NN: grab official transcriptions, feed them to NN, recreate videos from that -> not very interesting
Gijs made different interfaces into the database
* DISCOVERIES:
ngram interface: Obama uses the same sentences in his weekly addresses, and the interface shows ngrams based on automatic trnacriptions that occur in different video's with obama speaking them, sometimes with 4 years of difference & exact same sentences
comparing the PocketSphinx output with the transcriptions
generates scored db of clips based on Levenhstein Distance algorithm with points: if distance is 0, it is very precise
it splits sentences for each source (official transcript on the left / generated transcription on right), looks for words that agree, if more words agree, it adds a whote space in right list
-> words get penalised or rewards...
*short sidetrack Levenshtein Distance algorithm - how precise are generated transcriptions
*-> shows difference between written & spoken language, reading from an autocue
*- 4 elements for left, 4 elements for right. the left list of elements is the right one (the transcription), and will not change. the right (the pocketsphinx output) list needs to adjust to the words in the left, to be as similar as possible
*- first step is to calculate all the options to order these elements
*- an element is a word, listing the possible orders is needed in order to merge multiple words into one (which happened for example with the 500.000 / parthunderdthousand)

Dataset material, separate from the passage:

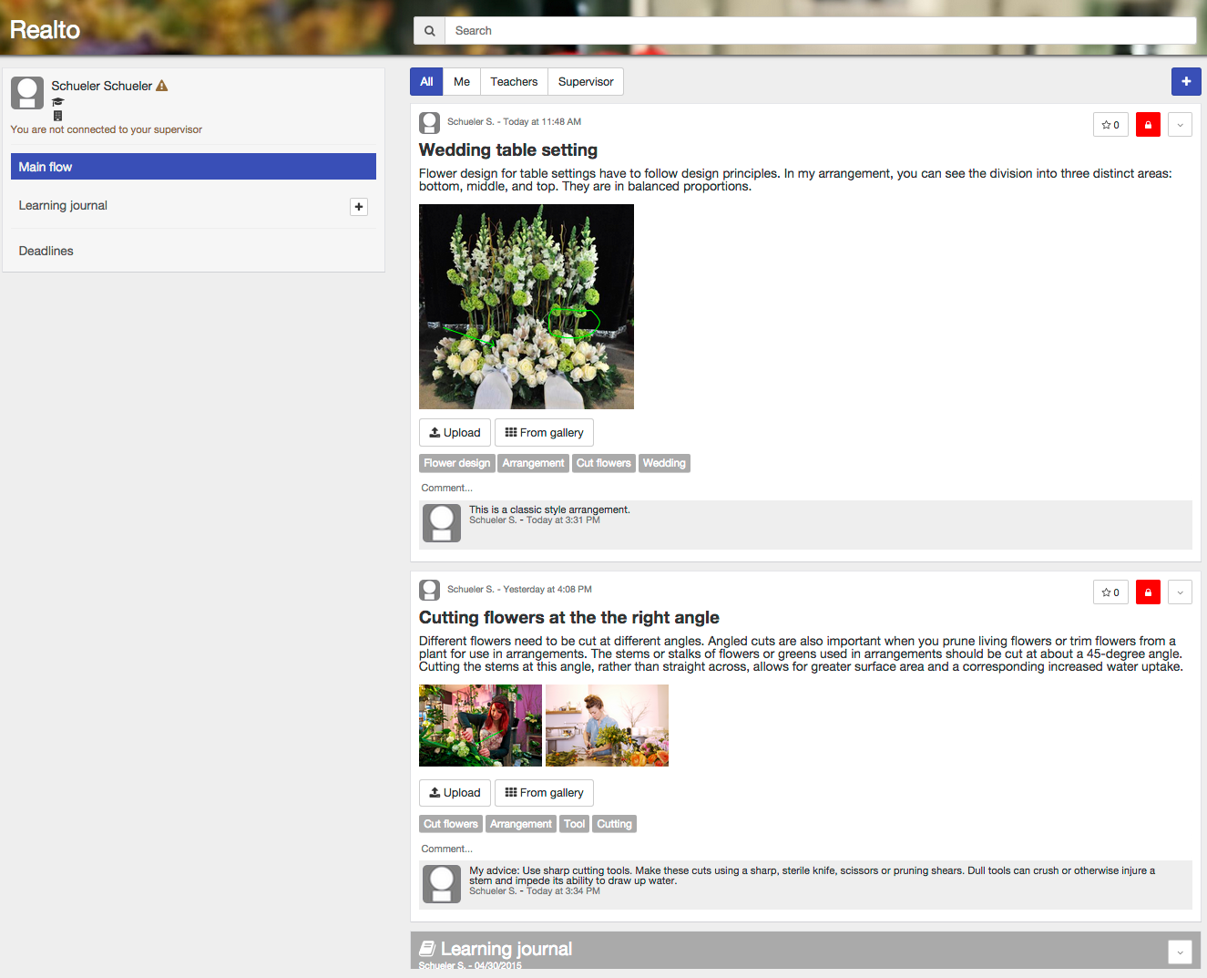 Einträge in REALTO können privat gehalten oder mit anderen Lernenden, Lehrpersonen und BerufsbildnerInnen geteilt werden. Einträge in REALTO werden in chronologischer Reihenfolge gezeigt (siehe Abbildung 3). Jeder Eintrag kann einen Titel, eine Beschreibung, Tags (Schlüsselwörter) und Kommentare beinhalten. Fotos können direkt in REALTO bearbeitet werden um wichtige Elemente hervorzuheben.
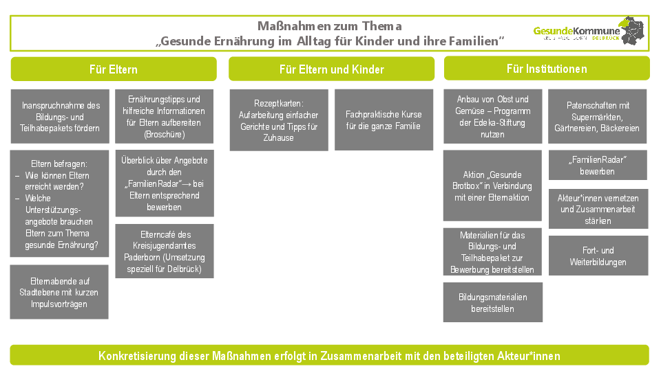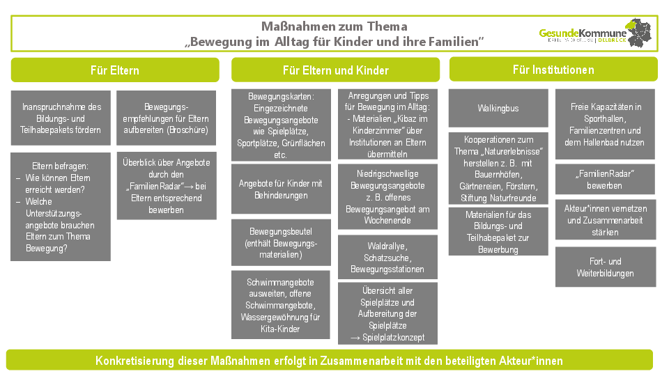 In einem nächsten Schritt werden nun in Zusammenarbeit mit den Akteur*innen erste Maßnahmen für Kinder im Alter von 0 bis 6 Jahren in Delbrück umgesetzt.

*- it creates an anchor between 2 similar words & moves the word up in the list ('fold them up')
*- numbers are code!
*- repetition creates noise: it recombines with words that appear further on
*
an automated Obama speeches generator, an artificial Obama version 0.1
- Obama only being silent
- Markov chain generator, no rhythm yet: uses limites set of videos / not every video has title
-> turn Obama in chatbot you can talk to
-> create hologram: https://pbs.twimg.com/media/Ct7eiAGXYAAADzH.jpg
-> publish code online, and perhaps a log text explaining the different steps
-> interface: 15 ngrams with 2 months difference or 7 y apart
-> comparison between Obama's speeches and other people reusing parts of his texts
-> 1-1-17: Obama forever! refrains & chorus
try to understand what refrains are, time lapse could help & context of existing videos, show technical team behind him, he is on 'autopilot'
-> including the Youtube comments or ranking rates
-> compare with interviews with Obama on similar topics
-> create hologram choir / cfr Transcendence
quotes:
"Donald Trump is a markov chain"
___I could have written that: algorithmic writing/reading machine based on Pattern sentiment/opinion analysis (Manetta)
long way from Cqrrelations to graduation project
how to go on
quote of Jopseph Weisenbaum (Eliza): machines start to act in wonderous ways, sceptical, inviting people to look into how it is made & give them teh feeling 'I could have written that'
* workshop
* poster series
* thesis
interested to see how textmining works, find ways to communicate
bridge way text mining is presented (corporations/acadmeics) & processes that happen in back
used Pattern / look into rethorics (presenting technique as objective thruth)/ look into metaphores (ex mining machine, raw)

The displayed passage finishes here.